Looks like a recipe that has been converted from Imperial to metric, and they haven't done a good job of it! Some of those measurements are 'odd'. You don't get to see '7oz' of anything all that often. I've translated below, giving what I THINK is probably meant, as being more in keeping with conventions. (I keep reminding people that when converting to metric, you need to use nice, convenient numbers for dividing, and that means ROUNDING your calculations!)

30g is 1oz. 

220g is 7oz  (you could use 250g=8oz)

100g is 3 1/2oz (smack-bang between 90g=3oz and 
125g=4oz. Use the same measurement of oil - millilitres and grams can be interchangeable for cooking purposes.)
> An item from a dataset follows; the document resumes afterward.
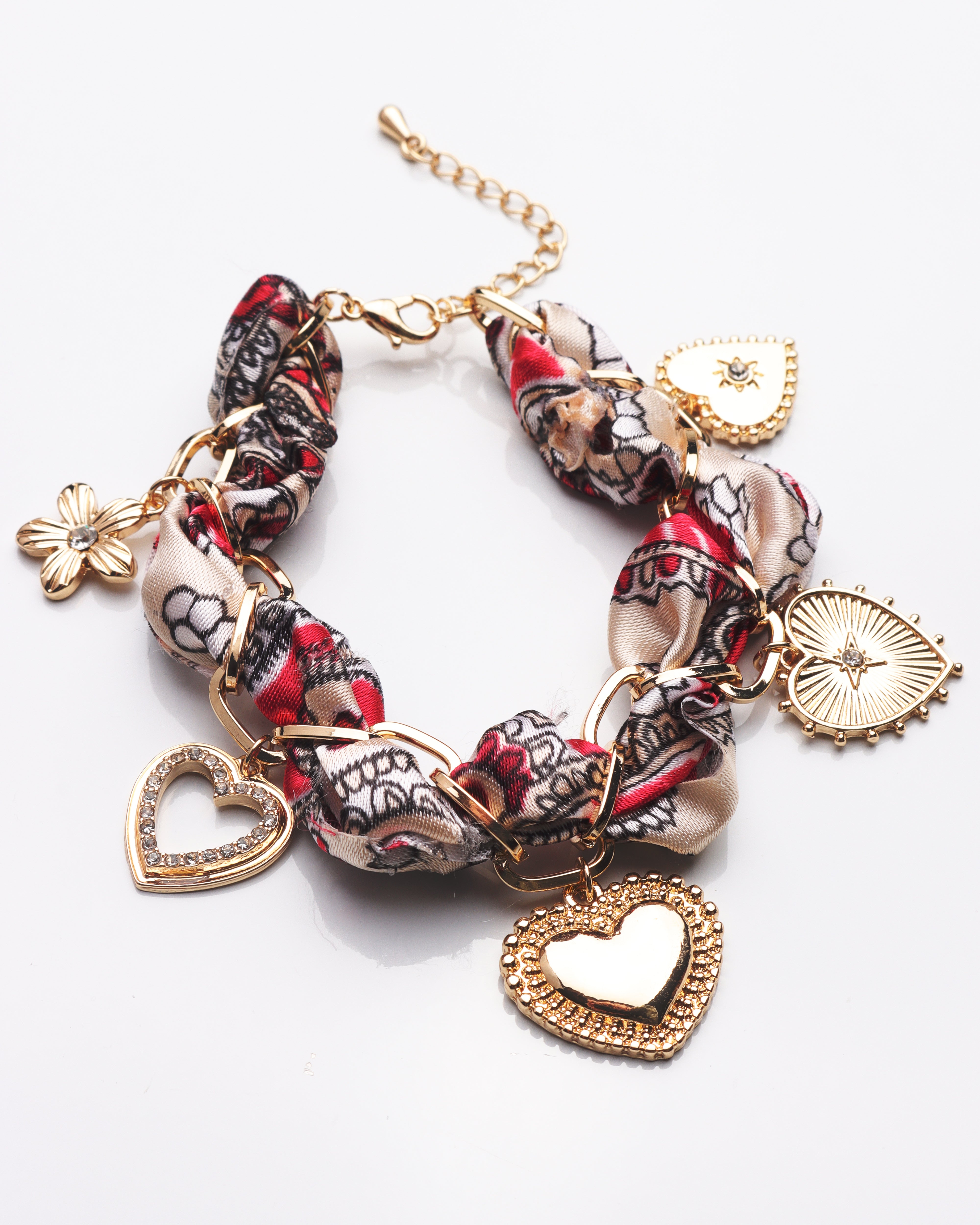 A charming twist on classic elegance, the Petal & Heart Bracelet blends the softness of a red and white scarf-inspired band with the shine of gold accents. Secured with a sleek clasp, this bracelet is detailed with delicate heart and flower charms that add a sweet, feminine touch to any look.

1 package baking powder (don't you hate that! The usual proportions are 2 teaspoons baking powder for each 500g plain flour. If you use 250g flour, that means 1 teaspoonful. Or simply use self-raising flour, which is what I do - much easier, and it works very well.)

60g is 2oz. 

150ml is 1/4 pint (Imperial, not American. American pints are smaller than Imperial pints. In Australia and England and other places, the metric conversion of 1 pint is 600ml. So 150ml is one-quarter of that. Rough it out at a bit over 1/2 cup - or just use 1/2 cup. 1/3 cup if you think the original recipe was American. If you've done a bit of cooking, judge it by eye, adding the liquid until 'it looks right'.)

200C=400F.


----------



## XeniA (Sep 26, 2006)

Not trying to be a smart-pup, but ... how about buying a scale? Certainly if you bake frequently you'll come across ingredients by weight often enough to justify the purchase. It's a much easier, more accurate system once you get used to it.
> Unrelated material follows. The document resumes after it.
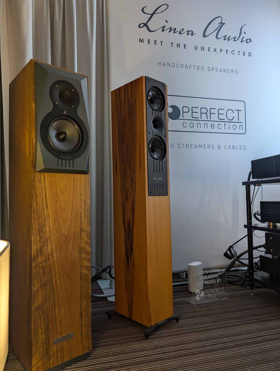 MuzgAUDIO unveiled two new DACs at the show, this is a company who make all their own designs and the whole system in this room was made up of components made in Poland. Linea Audio make a range of speakers, and the slim floor standers from Linea Audio were playing in here. They sounded excellent – quite a well-balanced sound with accurate tonality and controlled yet deep bass. Linea are making some great speakers, so I’ll be curious to see what comes next.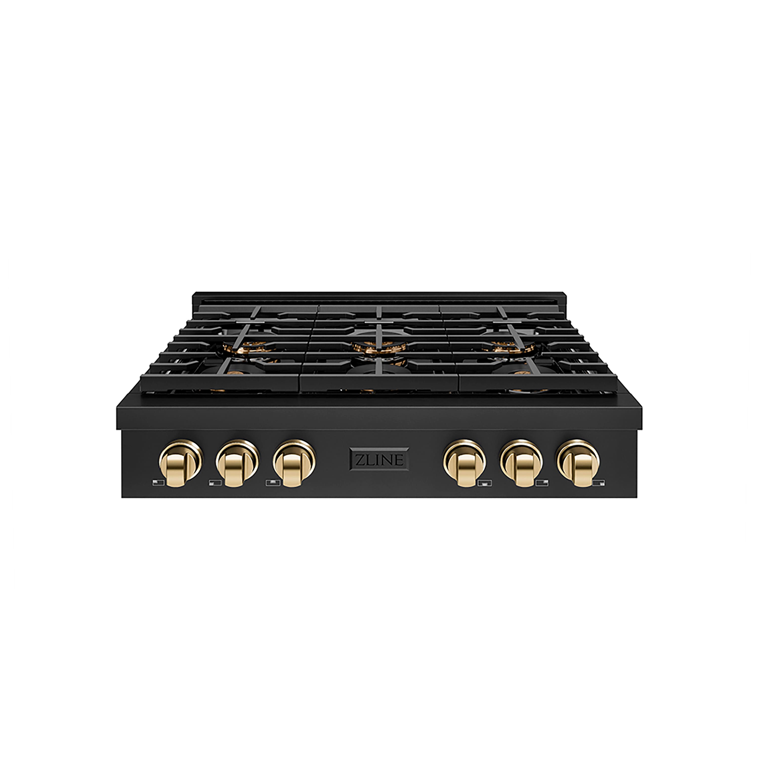 ZLINE - Autograph 36 in. Black Stainless Paramount Rangetop with 6 DuoPro Burners and Gold Accents (PSRTBZ-36-G) - Black Stainless Steel

I got my little scale at IKEA ... very inexpensive, does both pounds/ounces and kilos/grams, and zeros out easily (so that you weigh just your ingredients, not your bowl).


----------



## Ishbel (Sep 26, 2006)

I couldn't do without my scales. We weigh ingredients, rather than judge by volume.


----------



## cara (Sep 26, 2006)

220g of flour - about 1 cup
100g powdered sugar - about 7 tablespoons, a bit less than one cup
one small package of baking powder - two tablespoons 
60 g of finely chopped walnuts- 1/4 cup, 1/2 oz
150 ml of milk - *puuh*1/2 cup & 2 tablespoons
100 ml of oil - 1/3cup & 1 tablespoon
200c - about 400°F

as far as I know........ and I know that problem


----------